Erin Carlson Mast, executive director, President Lincoln’s Cottage
“I’m grateful that as an American I have the opportunity and the duty to be engaged civically, environmentally, and culturally. Every day I look out over a landscape that is a true oasis in the city. This is a place that has been home to thousands of people who served their country. This is a place where President Lincoln developed his Emancipation Proclamation and struggled to maintain the only constitutional democracy that existed in his time while living here. It is a place where thousands more come each year to gain understanding, inspiration, and resources because they too want to make our world a better place. To me, being a grateful American isn’t just about learning our history, it’s about understanding and acknowledging that what we do today is inextricably linked to our past. What we do today will be part of our shared history.”

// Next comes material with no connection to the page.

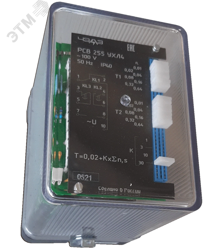 Реле времени статические РСВ 255 предназначены для использования в промышленной аппаратуре различного назначения, для получения выдержек времени в схемах промышленной автоматики и релейной защиты. Реле РСВ255 являются аналогом реле серии РВ200. Диапазон рабочих температур окружающего реле РСВ 255 воздуха от минус 30 до плюс 55 градусов по Цельсию для исполнения УХЛ4 и от минус 10 до плюс 55 градусов по Цельсию для исполнения О4. Группа механического исполнения РСВ-255 - М39 по ГОСТ 17516.1-90, при этом многократные ударные нагрузки длительностью от 2 до 20 ms с максимальным ускорением 3 g. Степень защиты оболочки реле РСВ-255 - IP40, а контактных зажимов для присоединения внешних проводников - IP00 по ГОСТ 14255-69. Реле РСВ255 выполнены с использованием современной микроэлектронной базы. Элементы схемы реле времени РСВ 255 установлены на печатных платах, которые размещены внутри корпуса, состоящего из основания (цоколя) и съемного прозрачного кожуха.

Kathleen McCarthy senior vice president, InkandescentPR.com
“Every Thanksgiving, my parents rent a big house on the Florida panhandle, and my parents, siblings, and our families all spend a week at the beach together. Since the house we stay in is a rental, it’s both no one’s and everyone’s. We all come from other places to be together, and yet for a week, that place is home to all of us. That’s how I think of being an American, too. Except for Native Americans, the rest of us are all from somewhere else in either the recent or distant past, and lucky to be here together. When I was 24, I traveled to what was then the Soviet Union as a chaperone for a group of Washington, DC, high-school kids on a trip led by their history teacher. During the visit, a few of us met in secret with some ‘refuseniks’ (Russian Jews who were scientists and had been refused permission to leave Russia). One of these scientists asked if I would take a letter to his scientific counterpart in the United States. It was jarring to realize that he couldn’t do his work openly and had to rely on strangers to convey even the most banal communication. I remember encoding his letter into my trip journal and standing with my heart in my throat as I went through airport security before returning home. More than 30 years later, when I try to articulate what makes me grateful to be an American, what comes to mind is freedom to come and freedom to go. Freedom to be alone and freedom to congregate. Freedom to have my own thoughts and freedom to express them. Or not.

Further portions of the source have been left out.